Some folks here have some really interesting avatars.  I'd like to get a better look at some of the pictures.  Is there a way to enlarge them without too much distortion?

Charles


----------



## TUGBrian (Dec 20, 2007)

can use ctrl + and ctrl - key combinations to zoom in and out on the page through your browser.

but there is no way that I know of to enlarge the avatars themselves.


----------



## CMF (Dec 20, 2007)

Maybe if I get a REALLY BIG monitor they'll look bigger?  

Thanks,
Charles


----------



## Makai Guy (Dec 20, 2007)

CMF said:


> Is there a way to enlarge them without too much distortion?



Avatars are already displayed in their full size.  Enlarging them only spreads their information content over a larger area, resulting in a blurrier image.  

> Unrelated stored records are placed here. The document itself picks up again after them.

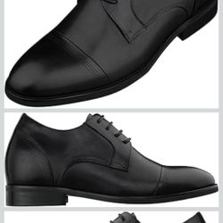 New Men’s Size 8 To 8.5 TOTO Men's Invisible Height Increasing Elevator Shoes - Black Premium Leather Lace-up Micro-Perforated Formal Derby Oxfords - $100Cty Of Cmmrce, CA
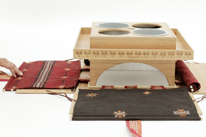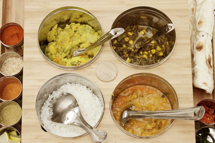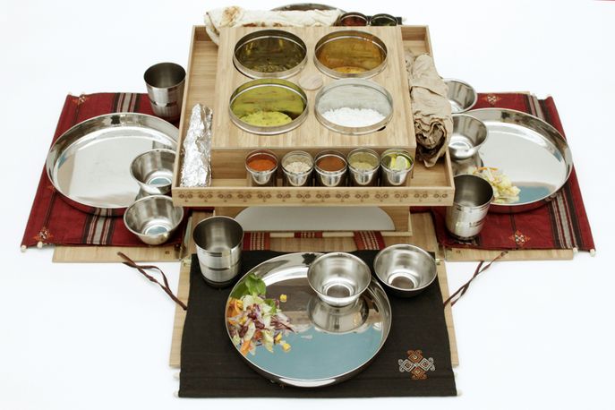 An increase in the number of middle-class career women in India means many struggle to find time to cook, but ordering regular takeaways is still frowned upon. Dine In provides healthy dishes prepared in a centrally managed kitchen and presented in a fold-out box that sits on a hob to reheat the food.
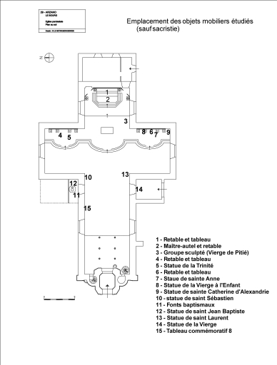 Sur un total de 49 objets ou ensembles d´objets repérés, 21ont été sélectionnés pour étude et traités en dossiers individuels alors que 28, d'un intérêt patrimonial moindre, ont été repérés (voir liste en annexe). L´agrandissement de l´édifice entre 1744 et 1776 entraîne le renouveau des retables du choeur et des transepts dans lesquels on replace des statues plus anciennes. Dans le choeur, on conserve le maître-autel et retable, réalisation remarquable de la seconde moitié du 17e siècle. Des aménagements secondaires interviennent dans la seconde moitié du 19e siècle ; ils entraînent le renouvellement du mobilier religieux monumental, en grande partie réalisé sur place dans l´atelier des menuisiers et ébénistes Pigueller (tribune, stalles, meuble de sacristie, armoire à bannières). La statuaire est complétée par des acquisitions d´oeuvres en plâtre, parfois dons de familles locales comme les Lépineau qui, à la fin du 19e siècle, contribuent également au renouveau des verrières pour lequel la fabrique fait appel au peintre verrier parisien Jean-Baptiste Anglade, également auteur de vitraux religieux au château de Kerlarec appartenant aux Lépineau. Le renouveau des objets du culte est caractérisé par l´acquisition de quelques pièces d´orfèvrerie issues des ateliers parisiens Poussielgue-Rusand et Demarquet. Aujourd´hui, les retables placés dans les bras du transept sont en mauvais état et ont perdu leurs autels respectifs. Une partie du mobilier monumental (vestiges d´un chemin de croix, de stalles, de lambris et peut-être d´autels) ainsi qu´une statue de qualité (apôtre ou saint Pierre), sont relégués dans l´entrepôt municipal.
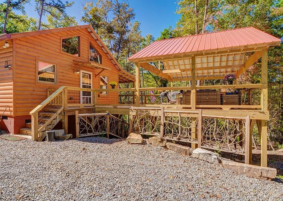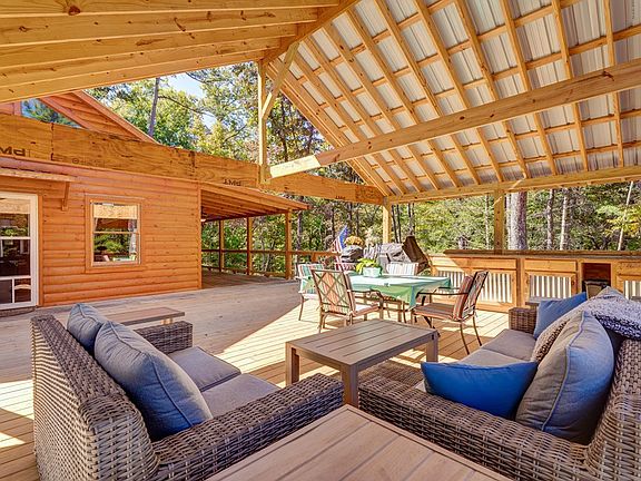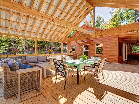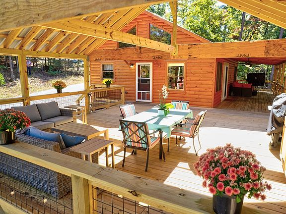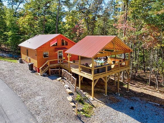 This beautiful furnished cabin built in 2022 offers a private setting with 2 bedrooms and 2 bathrooms in addition to 900sq ft of covered porches for additional space to enjoy the nature and beauty that surrounds you. AMPLE PARKING & ALL PAVED ROADS to this cabin and just a short ride to Downtown Murphy, Casino and nearby Georgia Towns. Perfect for primary, 2nd home or short term rental. The open concept floor plan features volume ceilings, detail woodwork, gas fireplace with stone accents as well as large windows and glass doors for ample natural light. The porches are a dream and include a 10X42 covered porch in addition to the BRAND NEW 25X25 covered porch with 20+ft ceiling and kitchen area with a BRAND NEW 12ft cabinet finished in Rough Mill wood & sealed concrete counter top. This is a dream come true for enjoying outside cookouts & living. The kitchen has stone countertops and stainless steel appliances. The dining area overlooks your porches and is inviting. Glass doors lead from your spacious living room area to your porches. Your main bedroom has several windows for natural light and a en-suite bathroom. Your 2nd bathroom includes a laundry area. This cabin is in a small community of well kept cabins- LOW HOA fee includes road and water. Great opportunity to own this great cabin- come see today.

Most browsers allow you to save an image to your computer via a right-click on the image and choosing the 'save as' option from a menu.  You can then manipulate the image however you'd like.  Here, for instance, is your avatar at 200% of its linear size, enlarged via Irfanview:


----------



## Marvin (Dec 20, 2007)

*Make it big!*

Right click avatar, copy image, paste it to a Word Program, left click, and stretch it out!


----------